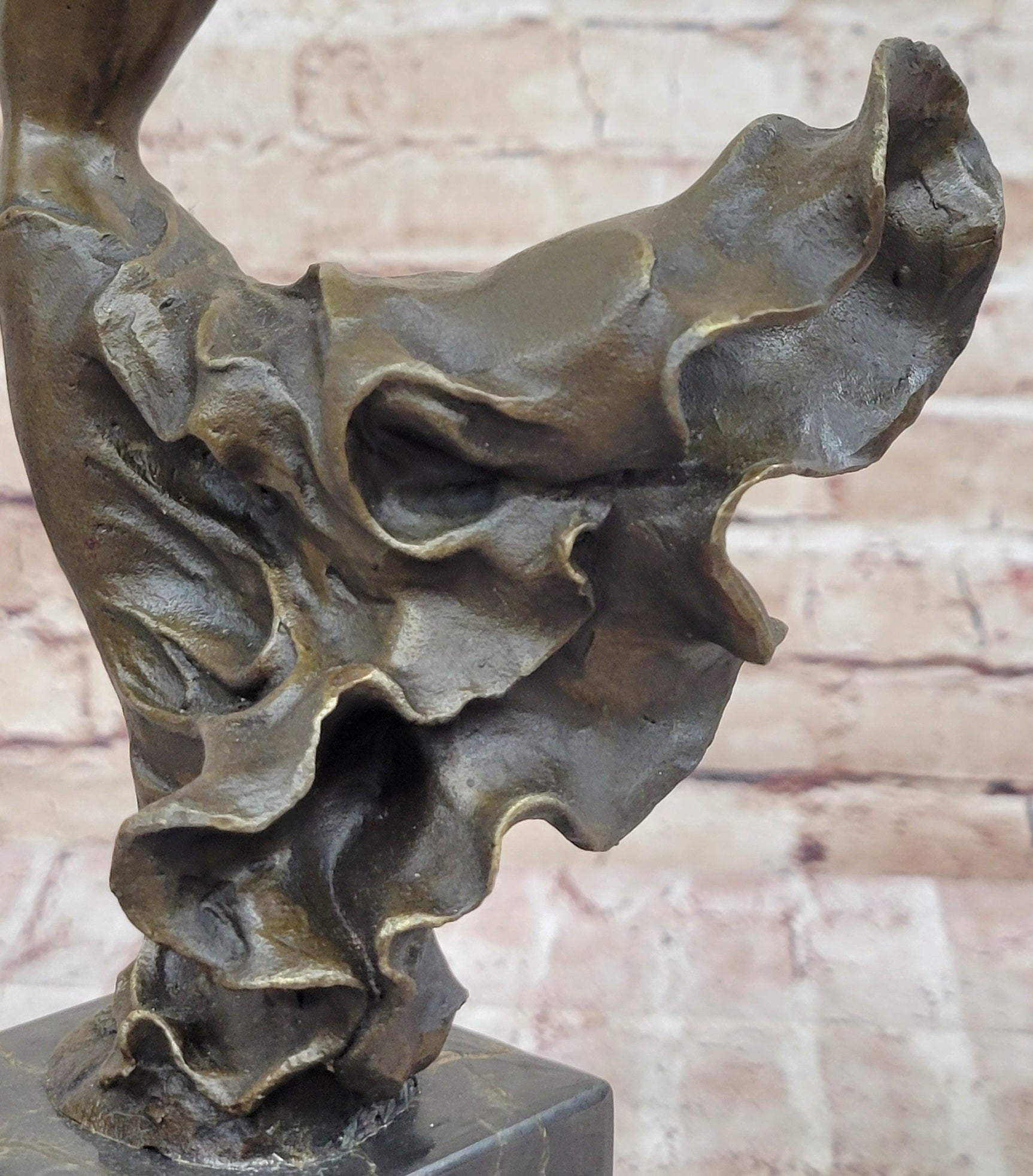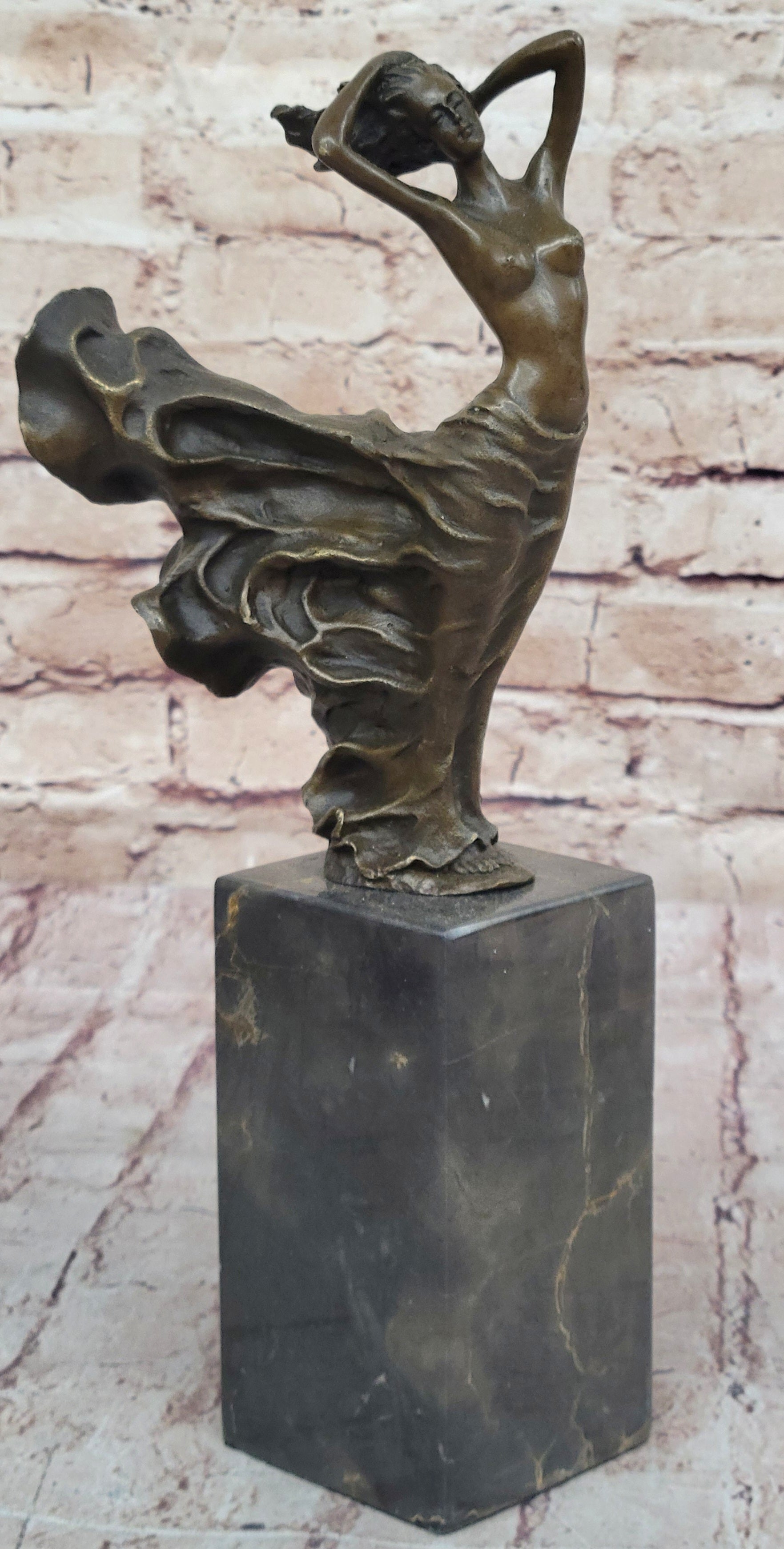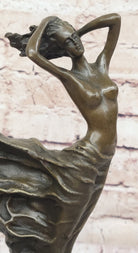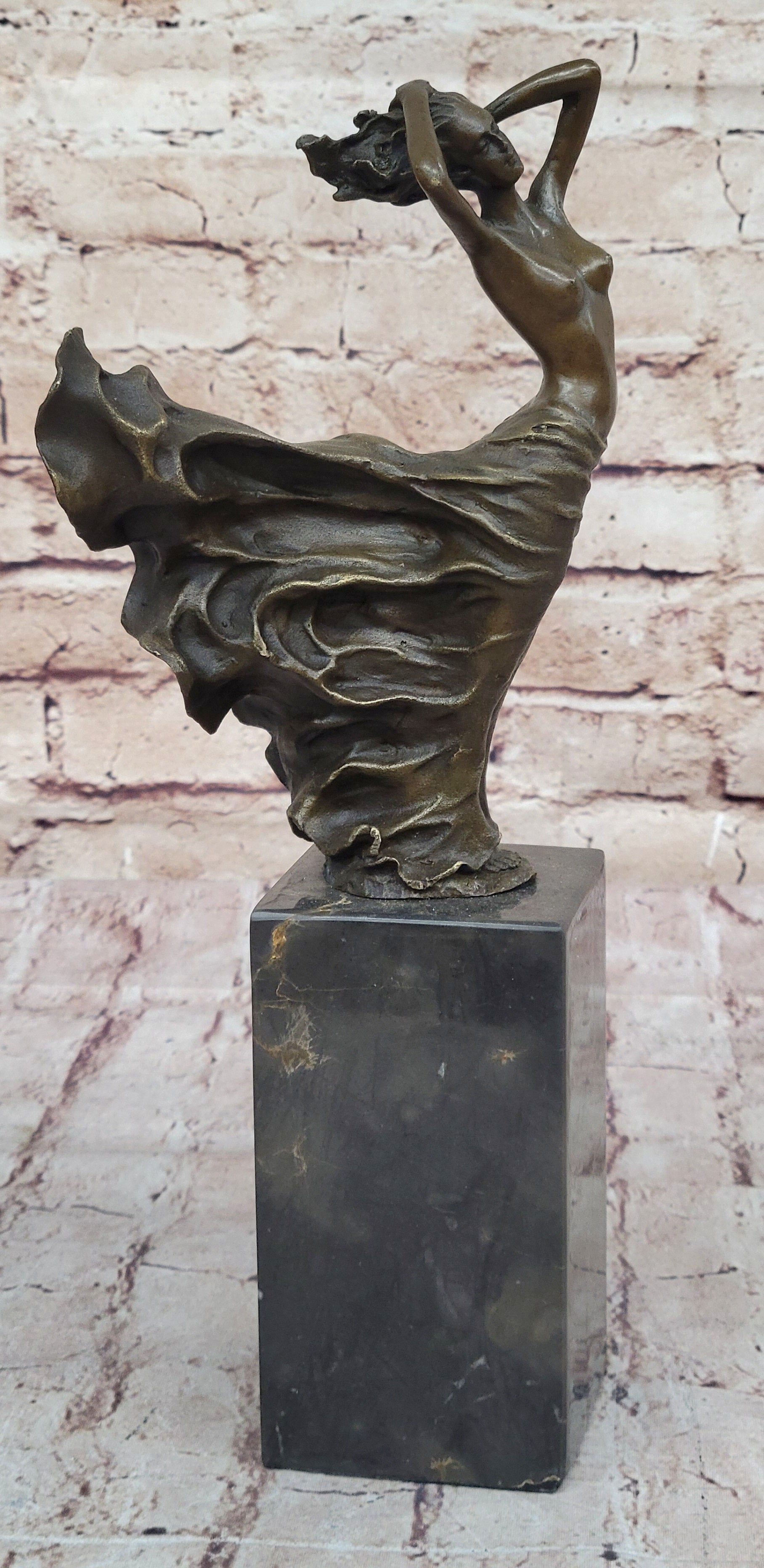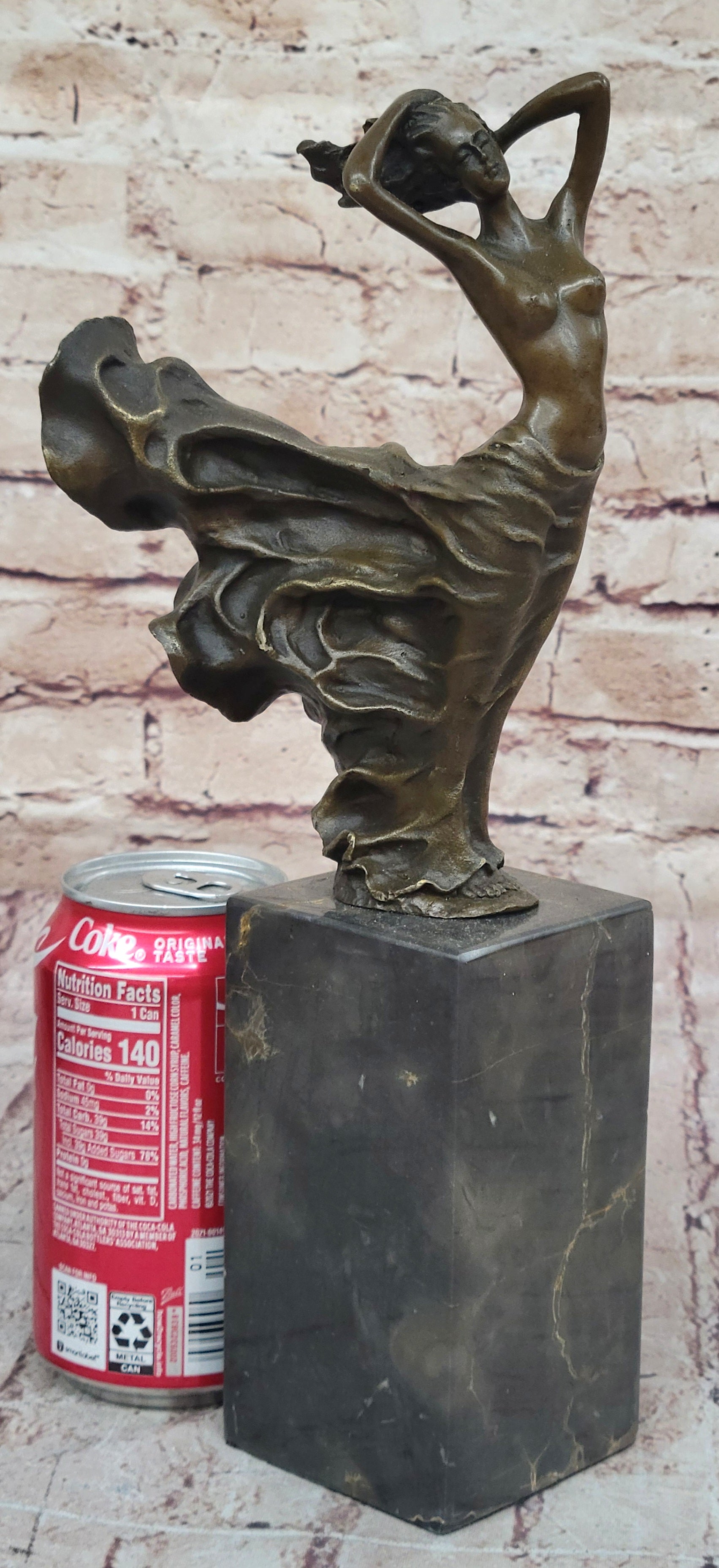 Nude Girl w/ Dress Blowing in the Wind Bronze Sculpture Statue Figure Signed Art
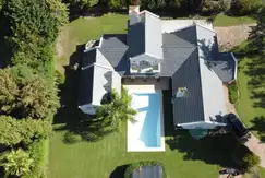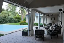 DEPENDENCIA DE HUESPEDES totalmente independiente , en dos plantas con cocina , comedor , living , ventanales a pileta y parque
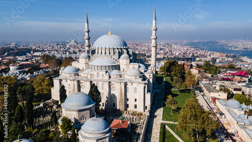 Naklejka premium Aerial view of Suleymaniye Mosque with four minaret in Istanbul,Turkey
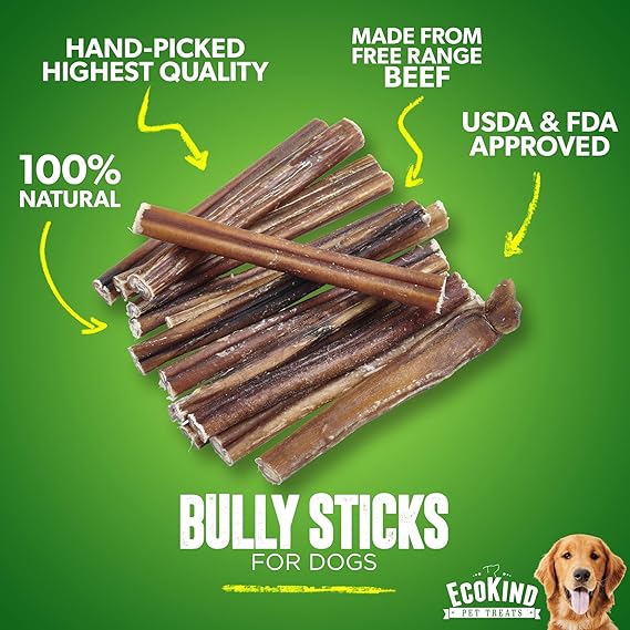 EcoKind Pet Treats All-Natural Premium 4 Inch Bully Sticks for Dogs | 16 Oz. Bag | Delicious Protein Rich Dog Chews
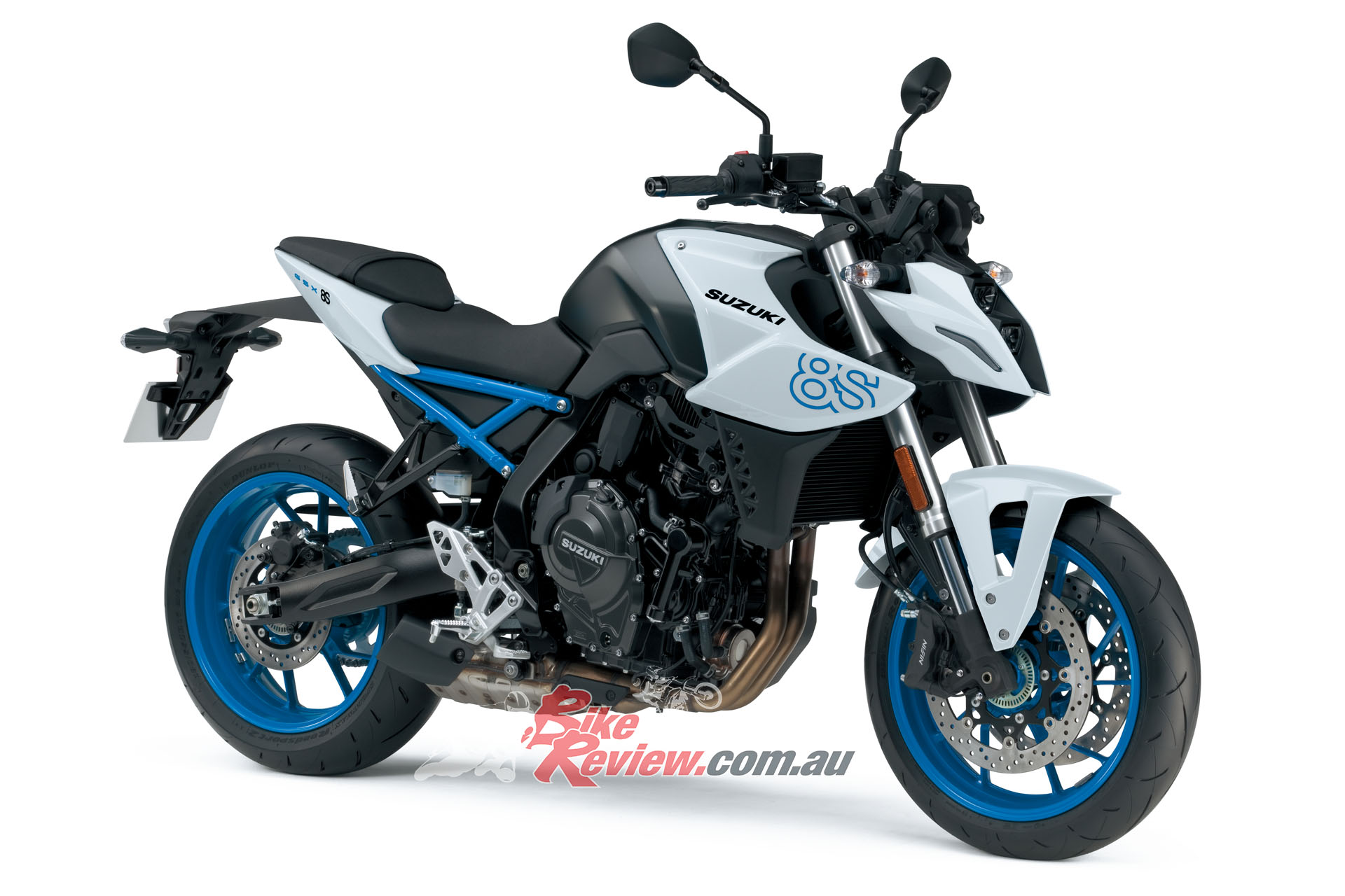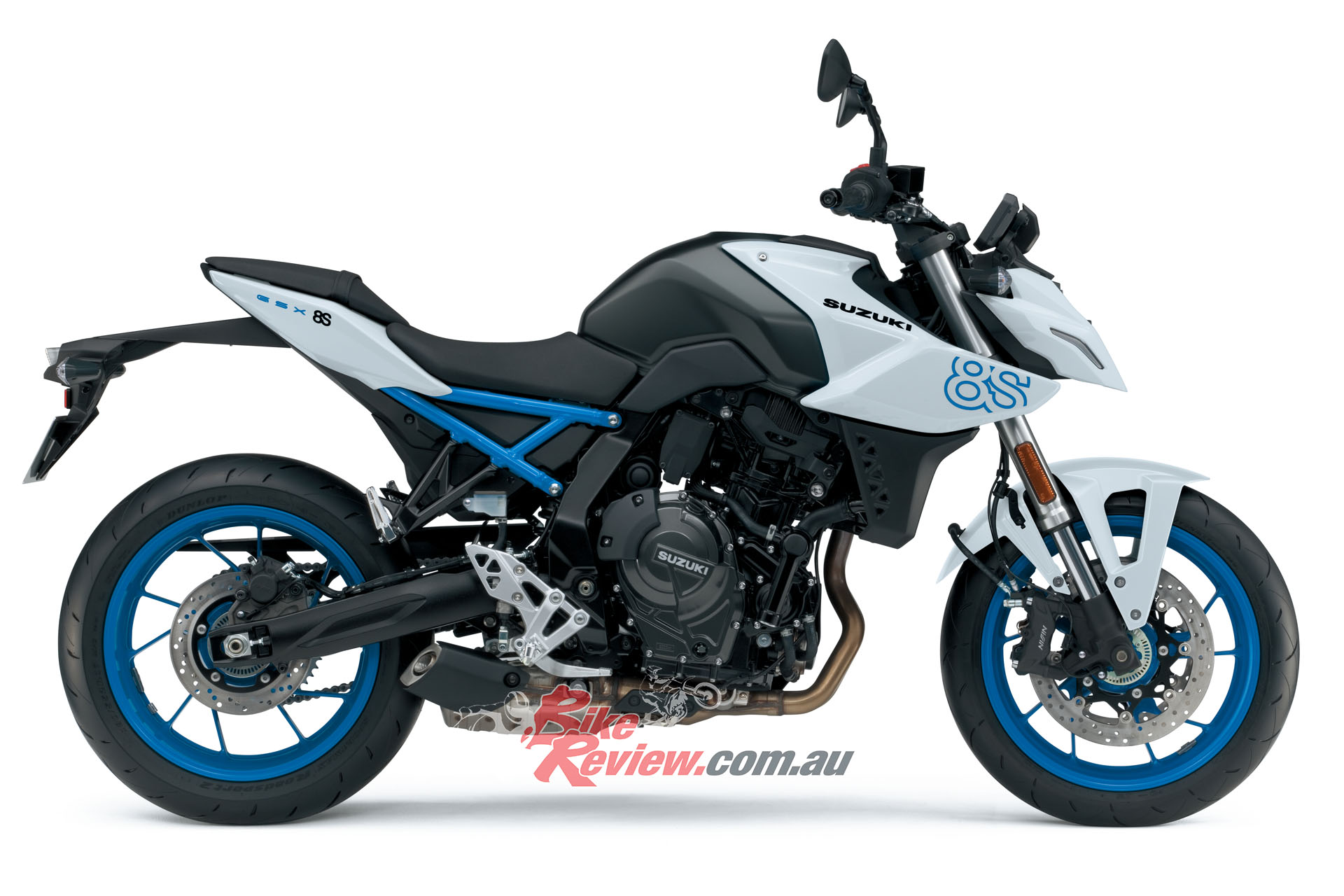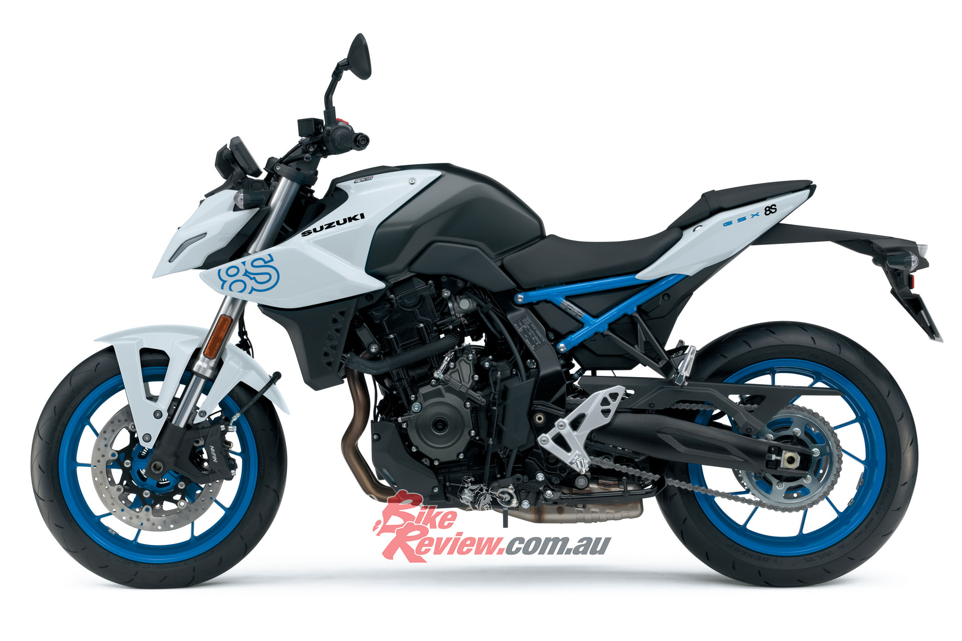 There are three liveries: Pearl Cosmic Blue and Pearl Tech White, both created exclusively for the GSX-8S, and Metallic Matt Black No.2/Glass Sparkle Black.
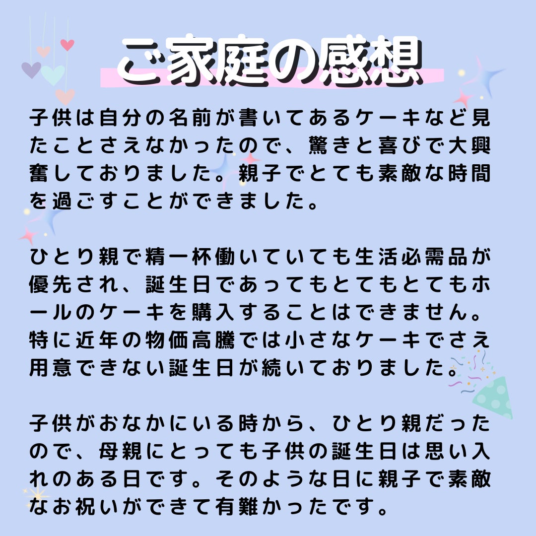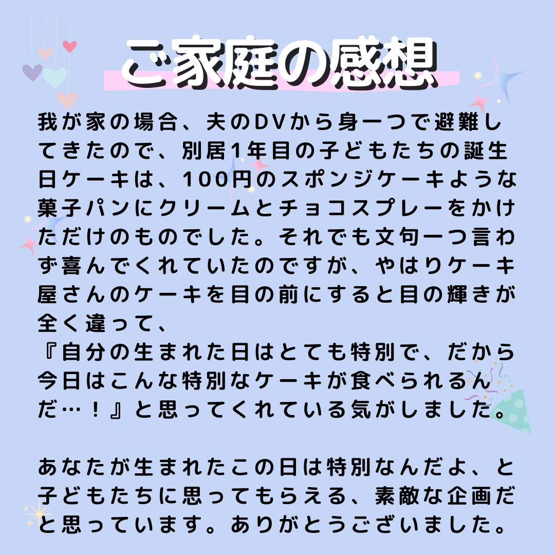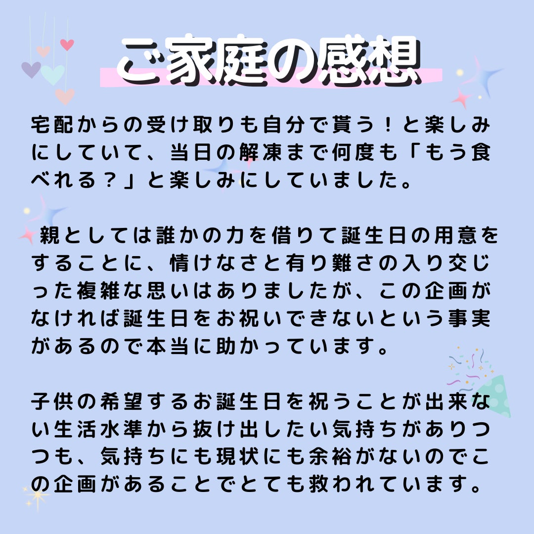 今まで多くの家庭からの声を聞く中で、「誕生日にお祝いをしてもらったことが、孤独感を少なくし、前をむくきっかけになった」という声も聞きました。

WORK INSTRUCTIONS
Pictures aside, give the data again exactly as it appears.

EXPECTED OUTPUT
 Nude Girl w/ Dress Blowing in the Wind Bronze Sculpture Statue Figure Signed Art
 DEPENDENCIA DE HUESPEDES totalmente independiente , en dos plantas con cocina , comedor , living , ventanales a pileta y parque
 Naklejka premium Aerial view of Suleymaniye Mosque with four minaret in Istanbul,Turkey
 EcoKind Pet Treats All-Natural Premium 4 Inch Bully Sticks for Dogs | 16 Oz. Bag | Delicious Protein Rich Dog Chews
 There are three liveries: Pearl Cosmic Blue and Pearl Tech White, both created exclusively for the GSX-8S, and Metallic Matt Black No.2/Glass Sparkle Black.
 今まで多くの家庭からの声を聞く中で、「誕生日にお祝いをしてもらったことが、孤独感を少なくし、前をむくきっかけになった」という声も聞きました。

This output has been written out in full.